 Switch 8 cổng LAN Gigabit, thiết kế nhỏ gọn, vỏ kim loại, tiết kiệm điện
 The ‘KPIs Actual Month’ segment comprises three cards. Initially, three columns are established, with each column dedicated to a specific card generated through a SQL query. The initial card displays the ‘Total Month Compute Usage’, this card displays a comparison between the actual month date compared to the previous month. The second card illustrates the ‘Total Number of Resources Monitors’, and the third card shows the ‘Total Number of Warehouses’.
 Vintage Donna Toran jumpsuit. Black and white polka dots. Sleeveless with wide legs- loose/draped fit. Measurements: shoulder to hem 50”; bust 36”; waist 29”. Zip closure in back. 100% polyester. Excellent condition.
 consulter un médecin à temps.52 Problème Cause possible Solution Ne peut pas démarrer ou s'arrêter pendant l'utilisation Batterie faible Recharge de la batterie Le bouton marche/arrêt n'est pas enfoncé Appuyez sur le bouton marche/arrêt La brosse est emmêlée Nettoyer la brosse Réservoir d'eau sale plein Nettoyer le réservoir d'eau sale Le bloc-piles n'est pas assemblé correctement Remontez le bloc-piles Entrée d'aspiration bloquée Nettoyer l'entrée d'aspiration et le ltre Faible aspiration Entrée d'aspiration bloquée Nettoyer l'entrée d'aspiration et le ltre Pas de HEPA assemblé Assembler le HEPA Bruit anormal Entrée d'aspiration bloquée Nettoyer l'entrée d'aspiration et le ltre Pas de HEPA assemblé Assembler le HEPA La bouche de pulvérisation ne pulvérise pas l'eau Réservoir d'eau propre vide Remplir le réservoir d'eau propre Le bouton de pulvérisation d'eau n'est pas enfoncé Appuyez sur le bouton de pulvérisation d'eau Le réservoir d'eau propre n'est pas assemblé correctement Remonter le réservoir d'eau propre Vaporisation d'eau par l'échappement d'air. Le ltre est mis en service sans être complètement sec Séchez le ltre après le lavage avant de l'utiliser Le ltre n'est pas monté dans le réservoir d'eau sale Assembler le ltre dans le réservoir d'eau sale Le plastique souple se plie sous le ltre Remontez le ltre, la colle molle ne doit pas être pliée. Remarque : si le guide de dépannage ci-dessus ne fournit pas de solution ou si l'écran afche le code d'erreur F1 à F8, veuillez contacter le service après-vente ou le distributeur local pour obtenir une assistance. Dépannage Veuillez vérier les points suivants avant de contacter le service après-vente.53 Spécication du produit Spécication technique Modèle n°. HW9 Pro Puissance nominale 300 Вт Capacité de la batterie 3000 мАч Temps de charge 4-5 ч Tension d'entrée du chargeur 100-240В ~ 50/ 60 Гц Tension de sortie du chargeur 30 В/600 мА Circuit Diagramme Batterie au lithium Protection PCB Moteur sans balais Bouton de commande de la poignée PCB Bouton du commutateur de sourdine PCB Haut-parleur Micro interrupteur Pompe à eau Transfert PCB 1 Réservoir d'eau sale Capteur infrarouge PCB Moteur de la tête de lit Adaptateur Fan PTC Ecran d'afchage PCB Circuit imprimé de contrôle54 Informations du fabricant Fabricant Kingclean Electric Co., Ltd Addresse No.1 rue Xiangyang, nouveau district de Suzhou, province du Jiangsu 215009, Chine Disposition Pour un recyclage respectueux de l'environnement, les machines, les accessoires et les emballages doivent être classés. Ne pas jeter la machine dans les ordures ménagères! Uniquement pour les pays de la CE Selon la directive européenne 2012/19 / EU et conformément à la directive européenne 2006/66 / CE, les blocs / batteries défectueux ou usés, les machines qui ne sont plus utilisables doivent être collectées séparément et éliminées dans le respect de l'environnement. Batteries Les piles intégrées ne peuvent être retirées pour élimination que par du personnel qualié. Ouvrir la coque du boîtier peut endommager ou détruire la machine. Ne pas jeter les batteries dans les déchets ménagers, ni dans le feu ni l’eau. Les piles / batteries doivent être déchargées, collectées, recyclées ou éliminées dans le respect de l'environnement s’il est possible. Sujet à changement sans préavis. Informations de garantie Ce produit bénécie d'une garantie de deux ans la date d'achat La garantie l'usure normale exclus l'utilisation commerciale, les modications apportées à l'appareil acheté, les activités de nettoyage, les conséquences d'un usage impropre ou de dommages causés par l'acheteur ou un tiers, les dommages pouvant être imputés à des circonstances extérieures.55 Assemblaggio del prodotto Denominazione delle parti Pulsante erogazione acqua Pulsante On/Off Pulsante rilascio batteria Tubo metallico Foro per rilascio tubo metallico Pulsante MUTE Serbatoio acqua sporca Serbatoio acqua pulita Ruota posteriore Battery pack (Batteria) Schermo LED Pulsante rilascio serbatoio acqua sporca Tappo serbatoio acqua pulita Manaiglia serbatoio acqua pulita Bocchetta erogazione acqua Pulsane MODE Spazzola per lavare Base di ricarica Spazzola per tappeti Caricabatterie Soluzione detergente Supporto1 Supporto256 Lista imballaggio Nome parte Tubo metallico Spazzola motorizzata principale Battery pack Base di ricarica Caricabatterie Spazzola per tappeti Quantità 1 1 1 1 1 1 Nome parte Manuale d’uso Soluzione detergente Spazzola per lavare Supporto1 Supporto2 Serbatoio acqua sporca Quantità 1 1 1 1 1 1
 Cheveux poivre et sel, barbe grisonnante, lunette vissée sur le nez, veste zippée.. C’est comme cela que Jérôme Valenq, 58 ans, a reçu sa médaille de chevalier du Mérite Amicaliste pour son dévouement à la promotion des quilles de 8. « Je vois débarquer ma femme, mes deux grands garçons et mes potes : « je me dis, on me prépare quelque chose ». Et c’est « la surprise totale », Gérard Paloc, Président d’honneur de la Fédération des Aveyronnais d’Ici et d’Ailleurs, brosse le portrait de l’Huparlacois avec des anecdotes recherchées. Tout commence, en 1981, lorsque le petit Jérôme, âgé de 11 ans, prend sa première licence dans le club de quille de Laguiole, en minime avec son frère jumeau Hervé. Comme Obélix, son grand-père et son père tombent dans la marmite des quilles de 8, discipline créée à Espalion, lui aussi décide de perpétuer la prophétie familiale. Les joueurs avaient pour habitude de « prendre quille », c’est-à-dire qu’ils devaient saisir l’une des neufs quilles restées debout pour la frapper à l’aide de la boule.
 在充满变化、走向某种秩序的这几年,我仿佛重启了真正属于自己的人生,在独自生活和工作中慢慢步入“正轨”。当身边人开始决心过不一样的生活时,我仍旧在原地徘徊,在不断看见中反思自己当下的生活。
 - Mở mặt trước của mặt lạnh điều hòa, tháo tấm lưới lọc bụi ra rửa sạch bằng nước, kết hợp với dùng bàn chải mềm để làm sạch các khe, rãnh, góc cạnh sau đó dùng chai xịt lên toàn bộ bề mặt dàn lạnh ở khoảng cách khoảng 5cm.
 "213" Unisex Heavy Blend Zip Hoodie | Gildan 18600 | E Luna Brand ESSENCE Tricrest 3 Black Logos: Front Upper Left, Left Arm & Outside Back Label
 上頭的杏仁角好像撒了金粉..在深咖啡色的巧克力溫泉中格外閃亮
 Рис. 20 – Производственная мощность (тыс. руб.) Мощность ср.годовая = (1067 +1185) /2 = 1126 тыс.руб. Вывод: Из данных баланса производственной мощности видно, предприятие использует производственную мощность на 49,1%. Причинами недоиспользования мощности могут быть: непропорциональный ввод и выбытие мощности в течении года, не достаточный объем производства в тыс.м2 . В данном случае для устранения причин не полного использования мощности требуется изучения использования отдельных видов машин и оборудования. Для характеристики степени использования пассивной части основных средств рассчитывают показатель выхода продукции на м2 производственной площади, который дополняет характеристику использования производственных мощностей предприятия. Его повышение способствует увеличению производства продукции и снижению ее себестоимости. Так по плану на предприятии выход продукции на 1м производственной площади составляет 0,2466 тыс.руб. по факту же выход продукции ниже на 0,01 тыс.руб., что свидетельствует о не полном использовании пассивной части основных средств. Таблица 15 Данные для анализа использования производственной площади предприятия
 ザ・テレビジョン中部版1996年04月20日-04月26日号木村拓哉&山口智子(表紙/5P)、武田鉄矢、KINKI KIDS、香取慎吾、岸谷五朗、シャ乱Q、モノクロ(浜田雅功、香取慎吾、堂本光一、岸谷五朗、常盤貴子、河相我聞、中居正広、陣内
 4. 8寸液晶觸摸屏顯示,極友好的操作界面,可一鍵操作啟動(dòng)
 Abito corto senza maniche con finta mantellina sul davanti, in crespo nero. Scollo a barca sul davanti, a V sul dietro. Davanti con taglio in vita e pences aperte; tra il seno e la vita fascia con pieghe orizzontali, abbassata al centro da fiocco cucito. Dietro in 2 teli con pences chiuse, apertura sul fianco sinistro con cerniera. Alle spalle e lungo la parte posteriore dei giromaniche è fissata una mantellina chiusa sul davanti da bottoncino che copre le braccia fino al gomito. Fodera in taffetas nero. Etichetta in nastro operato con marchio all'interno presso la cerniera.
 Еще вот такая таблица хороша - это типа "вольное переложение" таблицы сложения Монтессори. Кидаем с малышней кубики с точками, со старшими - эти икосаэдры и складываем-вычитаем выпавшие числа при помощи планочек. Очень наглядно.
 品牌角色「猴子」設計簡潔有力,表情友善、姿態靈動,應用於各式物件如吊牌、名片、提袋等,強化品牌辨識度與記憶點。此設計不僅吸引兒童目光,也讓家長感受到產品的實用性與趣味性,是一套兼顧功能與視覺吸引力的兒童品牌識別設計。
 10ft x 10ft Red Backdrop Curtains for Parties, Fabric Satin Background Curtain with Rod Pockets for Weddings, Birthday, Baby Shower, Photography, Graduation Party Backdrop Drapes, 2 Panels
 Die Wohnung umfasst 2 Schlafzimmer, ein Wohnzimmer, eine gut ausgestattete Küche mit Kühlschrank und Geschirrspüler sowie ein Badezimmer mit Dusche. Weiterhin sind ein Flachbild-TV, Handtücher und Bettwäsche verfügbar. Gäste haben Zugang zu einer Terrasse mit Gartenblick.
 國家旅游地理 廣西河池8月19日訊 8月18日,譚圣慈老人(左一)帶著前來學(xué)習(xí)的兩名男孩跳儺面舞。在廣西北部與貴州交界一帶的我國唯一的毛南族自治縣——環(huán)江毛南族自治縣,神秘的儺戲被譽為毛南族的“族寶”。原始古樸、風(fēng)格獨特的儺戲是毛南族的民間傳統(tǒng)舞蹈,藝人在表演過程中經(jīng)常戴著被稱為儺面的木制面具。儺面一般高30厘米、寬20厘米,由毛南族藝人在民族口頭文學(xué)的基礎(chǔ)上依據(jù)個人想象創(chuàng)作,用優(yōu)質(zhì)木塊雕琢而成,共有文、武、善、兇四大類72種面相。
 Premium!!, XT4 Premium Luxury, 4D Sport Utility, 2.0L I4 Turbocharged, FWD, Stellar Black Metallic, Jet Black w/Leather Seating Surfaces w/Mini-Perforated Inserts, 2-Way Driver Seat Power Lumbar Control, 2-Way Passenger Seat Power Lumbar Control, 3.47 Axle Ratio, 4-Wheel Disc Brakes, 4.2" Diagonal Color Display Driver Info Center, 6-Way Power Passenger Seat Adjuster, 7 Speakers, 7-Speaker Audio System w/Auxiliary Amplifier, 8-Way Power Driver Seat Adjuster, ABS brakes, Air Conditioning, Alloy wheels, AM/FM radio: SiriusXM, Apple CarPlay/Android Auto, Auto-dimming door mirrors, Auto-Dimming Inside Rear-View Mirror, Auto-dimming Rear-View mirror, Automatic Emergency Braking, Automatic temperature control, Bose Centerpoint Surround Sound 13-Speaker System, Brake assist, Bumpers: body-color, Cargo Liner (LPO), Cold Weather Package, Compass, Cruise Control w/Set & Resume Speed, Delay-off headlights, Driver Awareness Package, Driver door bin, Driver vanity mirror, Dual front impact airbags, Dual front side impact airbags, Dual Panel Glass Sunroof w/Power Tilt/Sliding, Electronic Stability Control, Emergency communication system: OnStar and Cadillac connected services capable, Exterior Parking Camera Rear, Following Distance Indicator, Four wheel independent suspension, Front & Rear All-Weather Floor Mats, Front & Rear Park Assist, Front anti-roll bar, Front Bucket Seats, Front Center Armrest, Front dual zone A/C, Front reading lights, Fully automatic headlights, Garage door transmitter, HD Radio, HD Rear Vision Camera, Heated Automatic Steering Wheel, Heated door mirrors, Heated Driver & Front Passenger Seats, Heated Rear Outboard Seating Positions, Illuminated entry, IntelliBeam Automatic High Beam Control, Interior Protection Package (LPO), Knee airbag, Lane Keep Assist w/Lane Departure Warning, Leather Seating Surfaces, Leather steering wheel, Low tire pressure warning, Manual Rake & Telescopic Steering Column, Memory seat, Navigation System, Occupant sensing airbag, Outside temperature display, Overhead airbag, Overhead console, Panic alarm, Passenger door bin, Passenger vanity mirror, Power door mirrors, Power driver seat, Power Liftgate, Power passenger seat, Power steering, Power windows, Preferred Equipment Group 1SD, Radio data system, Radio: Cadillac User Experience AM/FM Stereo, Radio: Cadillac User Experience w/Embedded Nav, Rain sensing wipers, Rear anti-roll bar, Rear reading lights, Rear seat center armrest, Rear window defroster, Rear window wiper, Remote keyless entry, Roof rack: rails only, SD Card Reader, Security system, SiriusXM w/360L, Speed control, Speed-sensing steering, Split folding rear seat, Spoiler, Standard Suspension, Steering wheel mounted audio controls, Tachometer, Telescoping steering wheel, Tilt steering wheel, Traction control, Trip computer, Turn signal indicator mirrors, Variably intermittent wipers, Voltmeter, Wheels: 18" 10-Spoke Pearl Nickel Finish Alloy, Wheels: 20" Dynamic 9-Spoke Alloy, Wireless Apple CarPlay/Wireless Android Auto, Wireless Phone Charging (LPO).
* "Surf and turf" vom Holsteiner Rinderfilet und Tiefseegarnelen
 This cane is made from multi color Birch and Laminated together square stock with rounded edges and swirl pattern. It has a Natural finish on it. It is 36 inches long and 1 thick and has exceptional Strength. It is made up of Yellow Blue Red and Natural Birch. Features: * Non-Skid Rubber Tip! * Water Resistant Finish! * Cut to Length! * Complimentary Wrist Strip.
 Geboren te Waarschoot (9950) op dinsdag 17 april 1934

____________________

» YOUR ASSIGNMENT:
Please give an exact copy of the entries above, from the line with "The ‘KPIs Actual" down to the line with "Vintage Donna Toran", inclusive, and nothing else.

» RESULT FOR THIS TASK:
 The ‘KPIs Actual Month’ segment comprises three cards. Initially, three columns are established, with each column dedicated to a specific card generated through a SQL query. The initial card displays the ‘Total Month Compute Usage’, this card displays a comparison between the actual month date compared to the previous month. The second card illustrates the ‘Total Number of Resources Monitors’, and the third card shows the ‘Total Number of Warehouses’.
 Vintage Donna Toran jumpsuit. Black and white polka dots. Sleeveless with wide legs- loose/draped fit. Measurements: shoulder to hem 50”; bust 36”; waist 29”. Zip closure in back. 100% polyester. Excellent condition.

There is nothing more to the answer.